Ligand Pharmaceuticals is a biopharmaceutical company located in San Diego, California. Founded in 1987 as Progenix Inc., the company went public in 1992. Initially focused on developing its own drugs, a period of turbulence in the early 2000s culminated in its CEO being ejected by the shareholders and provoked a change in focus to the acquisition of existing drugs and forming partnerships to develop them further.

The company has been the subject of multiple regulatory investigations, negative shorts-seller reports and class action lawsuits amid allegations of securities fraud.

In 2018 its CEO was listed among the top five highest paid CEOs in San Diego.

Business 
Ligand Pharmaceutical develops or acquires royalty-generating assets comprising numerous technologies, therapies and drugs. The drugs for which it receives royalties include Kyprolis, Promacta, Melphalan and Baxdela.

As of 2015, Ligand Pharmaceuticals was partnered with approximately 120 pharmaceutical companies, which include Captisol and its partnerships. Captisol, a Ligand indication, is a chemically modified clathrate compound of the cyclodextrin class designed to improve solubility, stability, bioavailability and dosing of active pharmaceutical ingredients.

History
Ligand Pharmaceuticals was founded, as Progenix Inc., in 1987 by Brook Byers and went public in late 1992. Its first CEO was Howard Birndorf, succeeded by David Robinson, both of whom focused on developing drugs based on orphan nuclear receptors.
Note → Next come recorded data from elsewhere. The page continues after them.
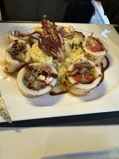 Cute and quaint, family friendly restaurant at the far end of the main strip from our hotel. Enjoyed the stuffed pork chop (and my friend had the stuffed calamari). The pork was juicy and well seasoned. I was left wanting more of the mustard and would have preferred some additional served on the side as it was the right combination of flavors with it, the cheese and the roasted red peppers. While the french fries were hand cut and homemade, I would have preferred something else especially since I am from the US and can have fries any time. Options like a Greek side salad or fresh seasonal veggies would have made this dish more complete. The dining room was simple but elegant all while being family friendly. Finally, I love olive oil served with my bread. Maybe even with some balsamic vinegar. You get olives, but no oil. They are wonderful, but bread and oil…yummm! Enjoy this...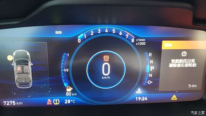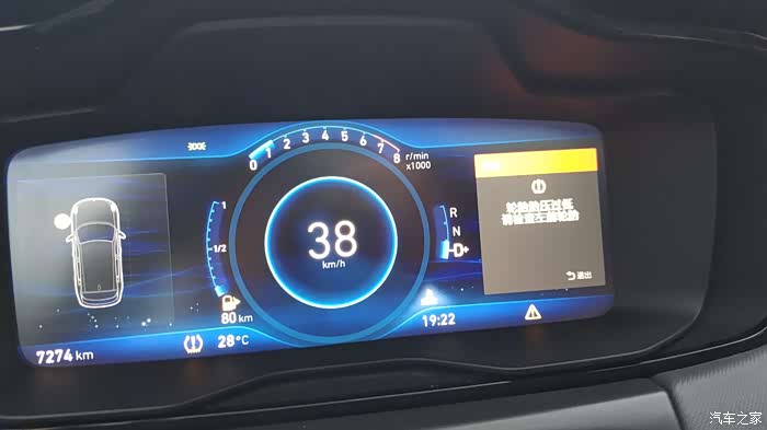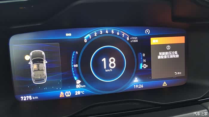就在我刚从一个建筑工地出来不远处,还在行驶中,仪表盘就亮起了提示,领克01的胎压监测是通过车身稳定系统,来计算四个轮胎的行进是否一致来判断是否轮胎缺气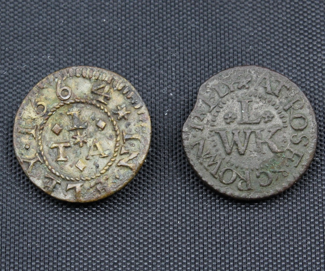 Ely, Thomas Lensley (Platter), Farthing, 1664, (Dickinson, Cambs 110), slightly wavy flan, very fine; also, The Rose & Crown, William Letten (Publican), Farthing, undated, (Dickinson, Cambs 111), a delightful pub token, a pleasingly good very fine, scarce thus (2)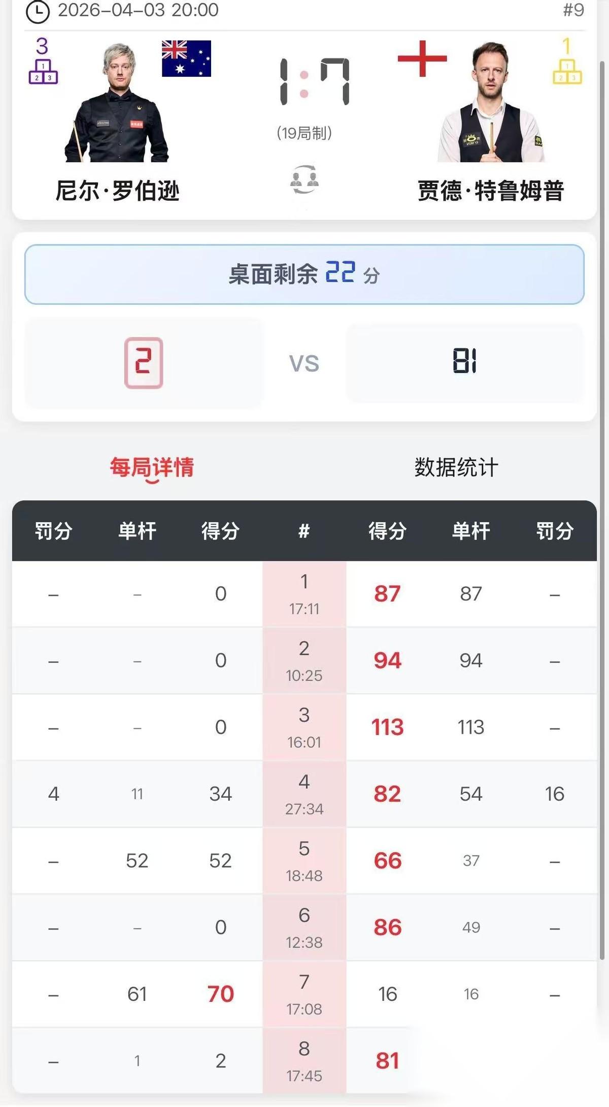 比赛几乎失去悬念,特鲁姆普7-1领先罗伯逊,结束第一阶段。前面3局,罗伯逊几乎没有上手机会,也没犯错。一分没拿,硬是让对手死死按在椅子上,成了一个干瞪眼的看客。 这种压迫感,实在让人喘不过气。 回头看看前几盘的数据,惨不忍睹。 “墨尔本机器”全程只能硬挺。全凭对手偶尔走神送个大礼,他才勉强破了零分尴尬。差点被剃光头时,场上出了个挺耐人寻味的画面:澳洲名将好不容易趁对方松手逃过一劫,结果他当下的反应,竟是高兴得挥拳庆祝,不知道的还以为他刚赢下了世锦赛决胜局。 一位久经沙场的老将,怎么让人折磨成了这样? 全因球台对面的那个男人,完成了职业生涯最可怕的蜕变。 老球迷心里都有数,以前那个顶着狂野发型、全凭一腔热血猛打猛冲的“单核准神”,早成过去式了。如今的特鲁姆普,主动丢掉了容易自己断电的极端打法,开始踏踏实实地控盘。 他不再追求一上来就秀高难度神仙球。 而是耐下性子,靠着滴水不漏的防守慢慢耗。等你坐在场下心焦手冷、快要崩溃的时候,他再慢条斯理地站起身,拔出那把准星满格的枪,一击致命。 斯诺克顶级的较量,拼的就是这个。 一个骨子里刻着疯狂进攻基因的绝顶高手,一旦愿意俯下身子,去死磕最枯燥、最折磨人的控制打法,对手的好日子就到头了。在这张绿色的球台上,强行拼准度爆杆确实能换来全场叫好。可真正想长久称霸,永远得看谁的防守底线兜得最稳。 把花里胡哨的操作收起来,懂得先用恶心人的黏打把对手逼上绝路。 这才是一个冷血杀手最顶级的进化。 对此,你怎么看?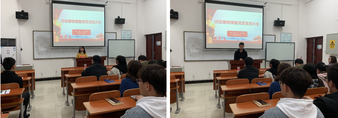 会议第一项支部大会讨论董学莲、莫勇同志接受为预备党员的相关事宜。支部书记张鑫报告出席会议的党员人数,提出会议的议题及具体流程,同时宣布接收同志名单,随后董学莲、莫勇两位同志分别向大家进行阶段汇报,将自己对党的认识、入党动机、本人履历、社会关系及表现等情况进行说明。汇报后,与会党员对发展对象进行提问,并采用无记名投票进行表决。投票结果为:董学莲、莫勇同志赞成票22票,反对票0票,弃权票0票,大会通过了以上2名同志为本支部新预备党员。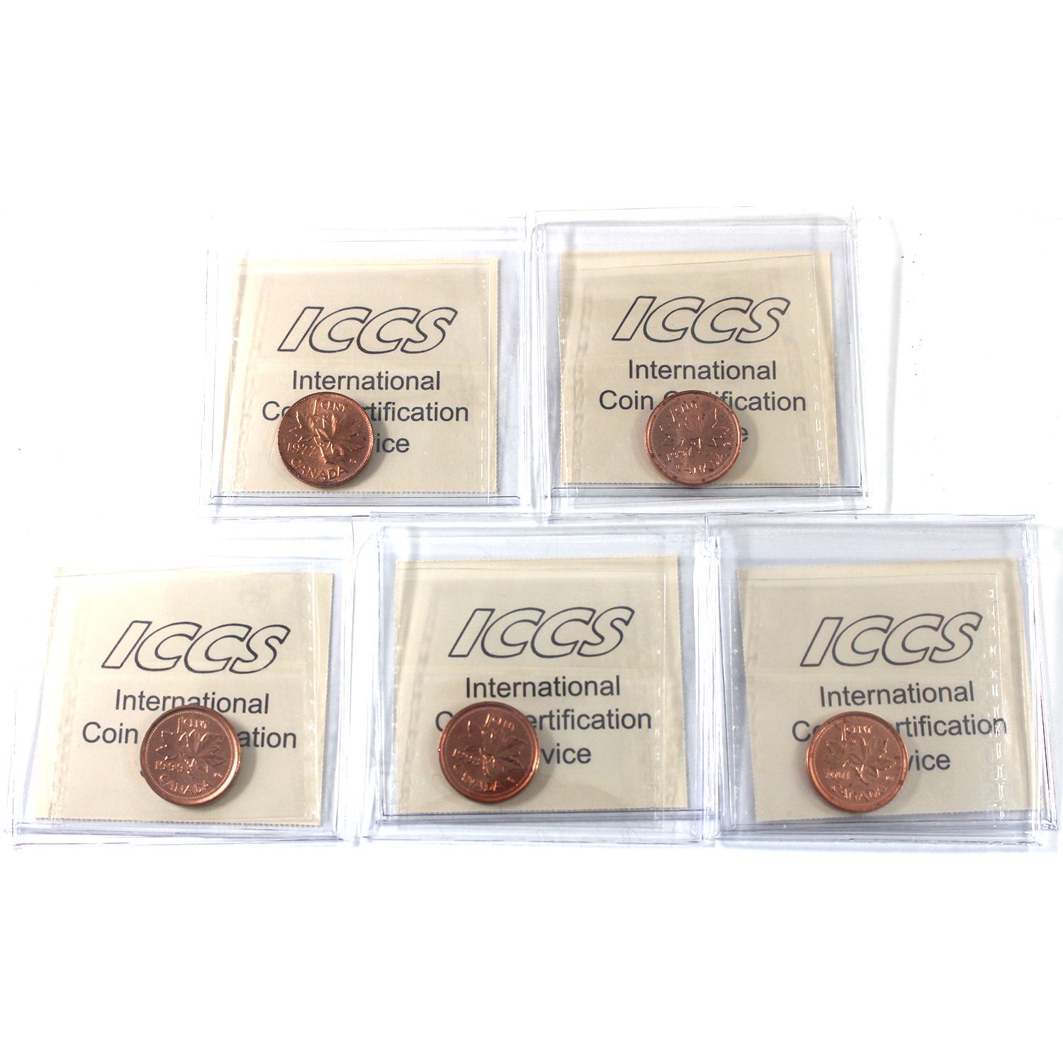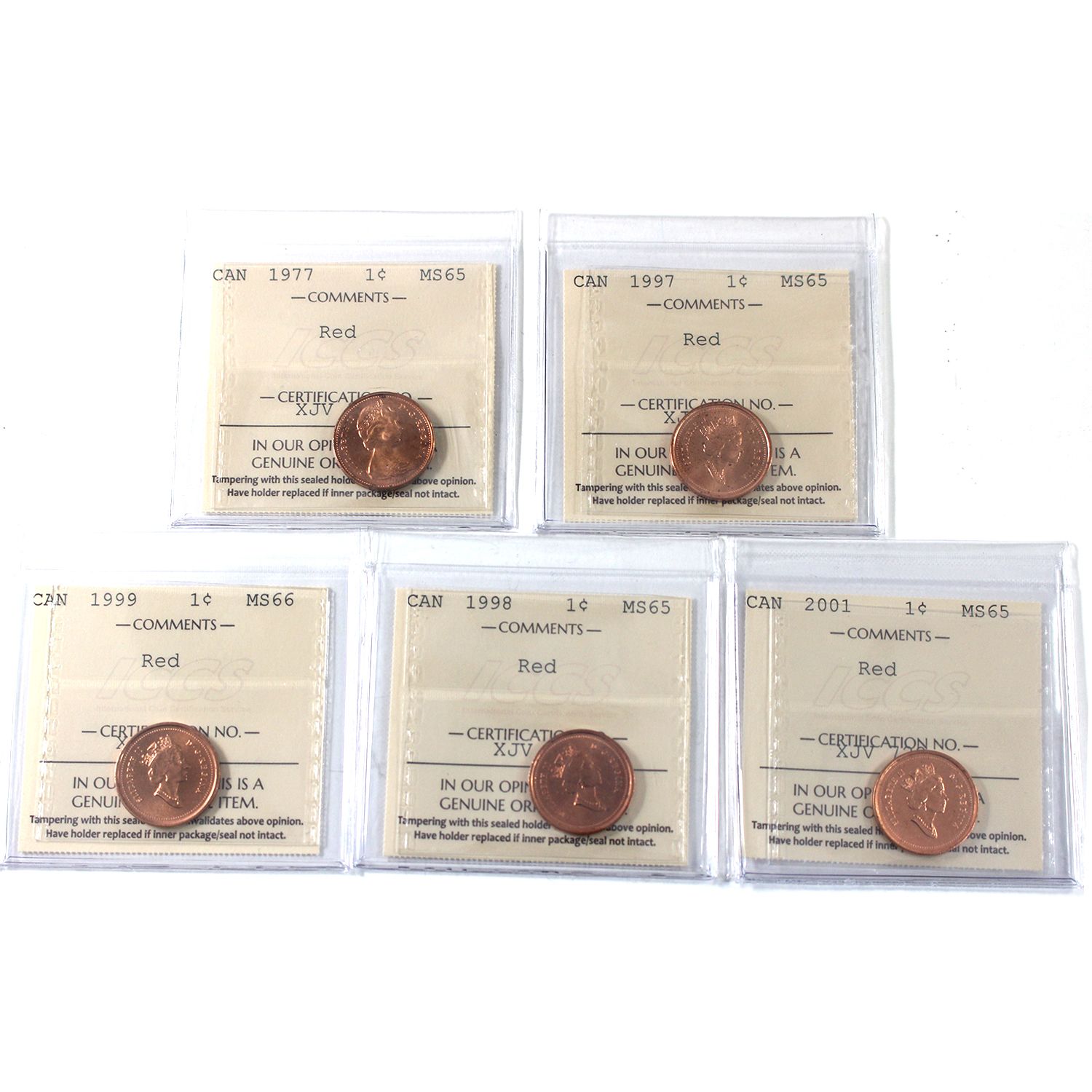 INCLUDES: 1977 MS65, 1997 MS65, 1999 MS66, 1998 MS65 & 2001 MS65. 5pcs.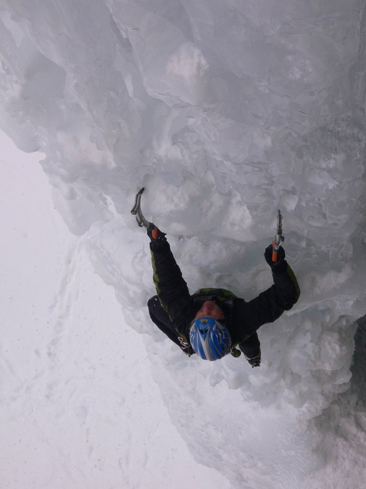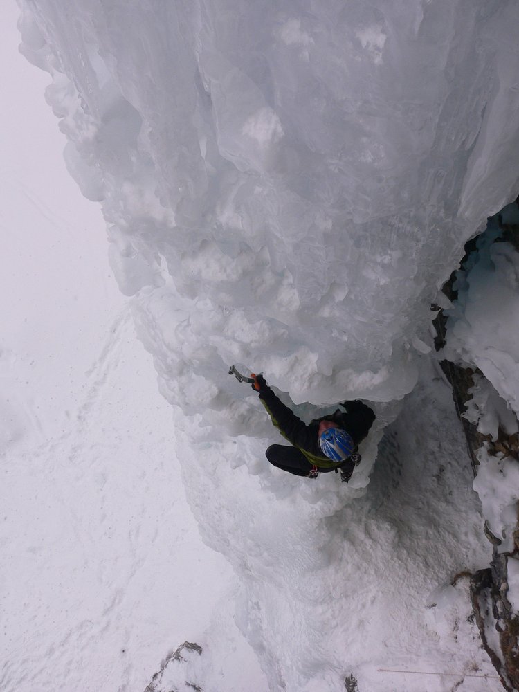 Die "Kerze" W5+ im Pinnistal ist sicher das Schauspiel für die Eiskletterer und für die Zuschauer auf der Pinnisalm. Nachdem ich mit meinem Kletterfreund Christoph Aster aus Mittenwald (mit dem Christoph war ich im August am Mustagh Ata 7545m in China) die Kerze nach oben geklettert bin, blieb Christoph oben und ich seilte allein ab, um die "Kerze" free solo zu klettern.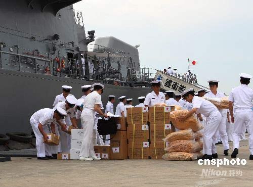 日本艦艇“漣”號(hào)訪華,隨艦搭載向四川災(zāi)區(qū)提供的救援物資。中新社發(fā) 宋吉河 攝
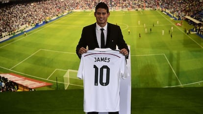 Con traje negro y actitud comedida, James Rodríguez bajaba ayer las escaleras del palco de honor del Santiago Bernabéu. Más de 30.000 personas coreaban su nombre. Fuera, cientos de personas buscaban la forma de entrar al estadio.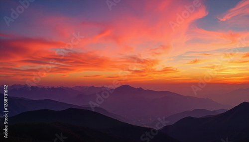 Fototapeta premium Vibrant sunset over mountain range silhouette, natural wonder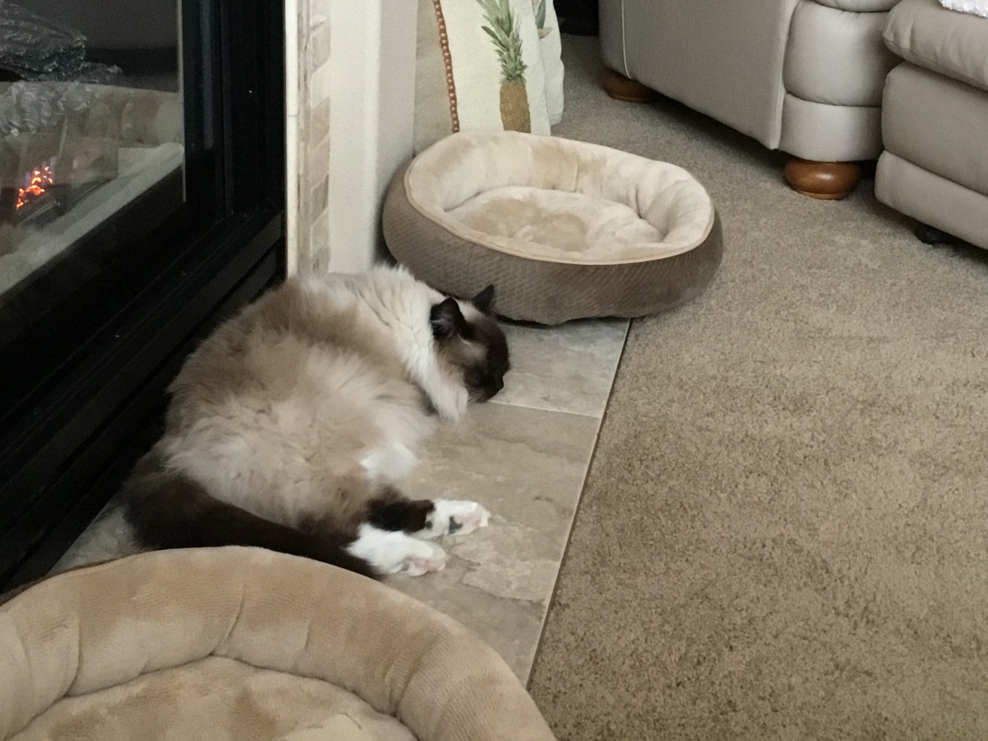 Thanks Eveyone. I just wish we could have been there. Kona has a brother named ROCKY, he is a Ragdoll seal point.He is 3 months younger than KONA.They are the best of friends.Both cats came from the same breeder.Rocky is very affectionate- he is glued to Chris. Rocky is 13 years old. I may get KONA #3 the first of the year!! KONA IS ON TOP OF COUCH AND THATS ROCKY BELOW HIM ON COUCH. KONA PIC RC

In September 2005, the company was delisted by the NASDAQ following "accounting irregularities," that resulted in late filings. The same month the Securities and Exchange Commission of the company's financial reporting, which was characterized as "questionable," and resulted in a "lengthy scandal" according to The San Diego Union-Tribune. In October 2005, the company as well as the Board of Directors and certain officers were named as defendants in a shareholder derivative lawsuit alleging breach of fiduciary duty and that Ligand artificially inflated it's revenue by engaging in “channel stuffing.”  In June 2006, Ligand agreed to pay $12.2 million to settle a securities class-action lawsuit as well as related state and federal shareholder derivative lawsuits that alleged the company had engaged in accounting improprieties.

In addition to accounting irregularities, by 2006 the company had reported no profits despite some of the drugs the company developed being approved, and dissident shareholders, including Dan Loeb, forced Robinson out. He was replaced as CEO by Henry F. Blissenbach who sold all the company's commercial operations and cut the workforce. In January 2007 John Higgins, a former investment banker, was brought in as CEO. He changed the company's strategy to one of acquiring candidate drugs and forming partnerships to develop them further.

In the late 2000s, the company used its capital to acquire other companies including Neurogen, Pharmacopeia biotechnology, Metabasis Therapeutics and Cydex Pharmaceuticals. CEO Higgins stated that the result of the purchases was a portfolio of some 60 new drug candidates, partnerships with pharmaceutical companies and other assets.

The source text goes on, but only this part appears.